A stream of potentially transformational financial officers, from the CFO-rich outside world to resource-poor Japan, may now follow a similar (but faster) path. The investment world is now attracted to Japan; the financial vision of state enterprises is failing; the answer is import.
Japan’s CFO supply-demand imbalance is a chronic problem that has suddenly become acute, in significant part due to state-sponsored governance reforms, recent changes to merger and acquisition guidelines and a push for greater capital efficiency led by the Tokyo Stock Exchange itself. In a recent study Toshiyuki Kobayashi, at Teikyo Heisei University, found that only 33.2 percent of companies in the Prime TSE section have a dedicated CFO, and a low price-to-book ratio is more or less standard for those that do not.
But the problem is philosophical rather than numerical. Many Japanese people with CFO titles are not CFOs as the role is understood elsewhere. These differences help explain why, to outside observers, Japanese companies can look and operate so differently from their US counterparts, and why corporate engagement with shareholders is often so frustrating.
It also helps explain why Tokyo stocks are now at the top of the priority watch lists of activist investors, private equity funds and, as demonstrated by Alimentation Couche-Tard’s $47bn bid for Seven & i, overseas corporate buyers. The money is looking for undervaluation, non-core assets that can be used and easy to achieve improvements in capital efficiency, all of which have developed in the light environment of CFO.
Japan’s CFO deficit is a product of its traditional corporate structure. The most senior official in a Japanese company in charge of finance is, in general, a person who has only risen through the accounting department. Many peaks are the best financial watchdogs; many have evolved through the bleakness of Japan’s “lost decade” to world-class cost-cutters and cash hoarders; set your goals and you will meet them. But there they stopped and stopped. As one long-term investor put it, the perfect Japanese CFO will maintain a certain balance between equity and debt, but will not be part of the conversation or conceptualization of the ideal balance between the two.

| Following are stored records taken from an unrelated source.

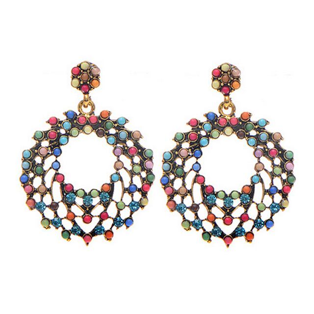 【JVselect】 マルチカラーストーンラウンドアンティークゴールドぶら下がりピアス jvst-pc-1019
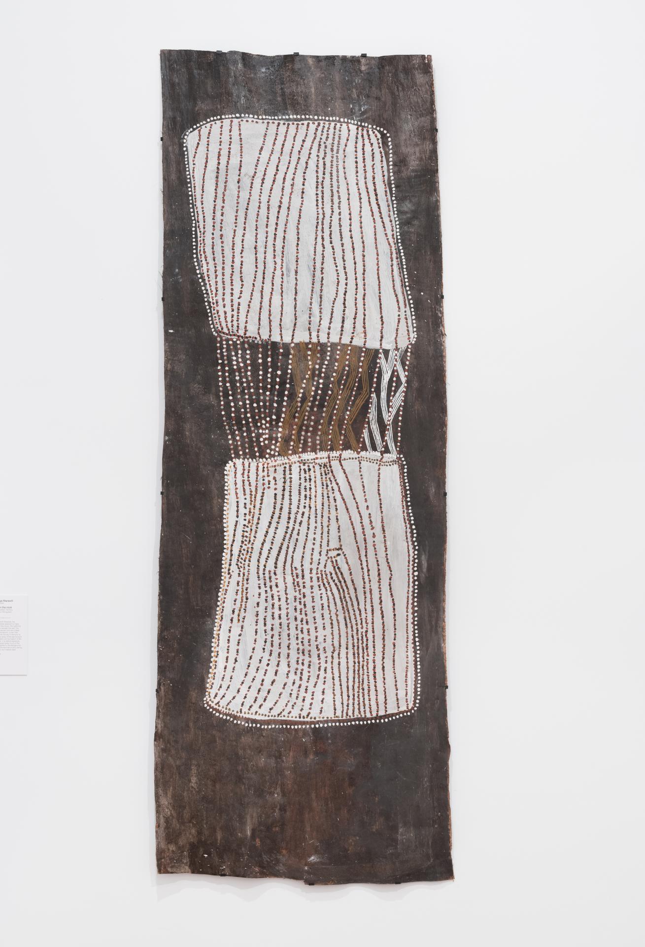 This recent work marks an aesthetic shift in Nonggirrnga’s rapidly developing oeuvre and a point of departure from many other known forms of Yolngu bark painting. The artist has stripped away much of the crosshatching applied with the marwat (human-hair brush) and pared back the imagery to depart from one of the established canons of Yolngu art, namely that the ‘background’ be covered with miny’tji (sacred clan designs) rather than left plain. Intriguingly, the negative space and bold simplicity of Nonggirnga’s work approaches in form and visual power Mundukul’s work for anthropologist Donald Thomson. In 1942 Mundukul invented a language by transferring miny’tji seen on a man’s chest to the red-ochre surface of stringybark, where these white-ochre body markings float on a plain background and project across space. Although Nonggirrnga disavows any sacred intent, her Madarrpa identity underlies her practice, and therefore the echo of miny’tji, heightened by its contrast with the dark sepia background, persists.
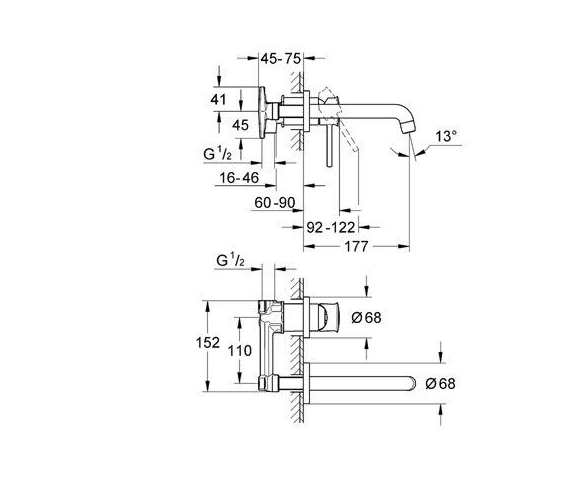 Смеситель для раковины однорычажный настенный Grohe коллекция BauClassic хром 20292000
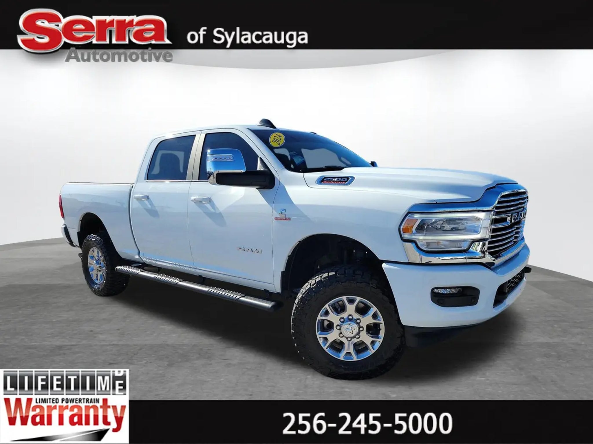 Tony Serra Ford is committed to you. Each employee in our dealership looks to meet and exceed your expectation by providing the highest level of customer satisfaction with every purchase, lease and service experience. Your search for the best new Ford dealer with used cars and trucks ends at Tony Serra Ford in Sylacauga, AL - serving Chelsea, Alexander City and the Greater Birmingham Area! We can take care of all your automotive needs under one roof, from finding your next car to securing financing to keeping it maintained. Our commitment to your 100% satisfaction will help you experience the Tony Serra Ford Difference with features like our free warranty protection on every new Ford for unlimited time and miles, a 30-day low price protection guarantee, a 3-day Love It or Leave It exchange policy, and more.Bright White Clearcoat 2024 Ram 2500 Laramie 4WD 6-Speed Automatic Cummins 6.7L I6 Turbodiesel Recent Arrival! Odometer is 17883 miles below market average!Price includes finance assist. Must finance with dealer, minimum amount financed is $12,000 and 2011 or newer to qualify. Must have approved credit through one of our lenders to qualify. Finance assistance of $1000 is included in the Internet Sale price excludes tax, tag, title, and any other fees associated. See dealer for details.

Japanese CFOs are not often active participants in grand strategic discussions about company direction. They rarely graduate from business schools with views on how financing should be woven into the company’s DNA. Many are not officially executives, or on the board of directors. They are usually not closely entwined fellow travelers of the CEO, and do not tend to be natural successors for the top job.
In 2008, Japan implemented the equivalent of America’s Sarbanes-Oxley Act, which required more detailed financial reporting and evidence of stricter internal controls, with both requiring sign-off from the “chief financial officer”. To clarify who is mentioned, many companies give the title of CFO, without having to re-imagine it as a typical role. There was, notes Kobayashi, a short boom of CFO-making, which quickly collapsed.
The problem is that today’s generation of investors in Japan expect to be able to talk to a “real” CFO with a view. People who not only talk but basically wake up, sleep and think in the language of shareholders, they focus on the weighted average cost of capital, return on invested capital and so on.
Whether Japan likes it or not, investors have stepped up, and this particular demand can no longer be ignored or satisfied with the current offering. Japan has entered the age of the CFO, without many people qualified or itching for the role.
The most practical solution, as with contact lenses, is to accept that there are certain specialist products that Japan cannot manufacture itself and to import the best from abroad. The mass importation of foreign CEOs will encounter significant friction in many companies and is in fact not needed. The mass import of foreign CFOs, though, will simultaneously fly under the social radar while igniting an unmissable homing beacon for investors.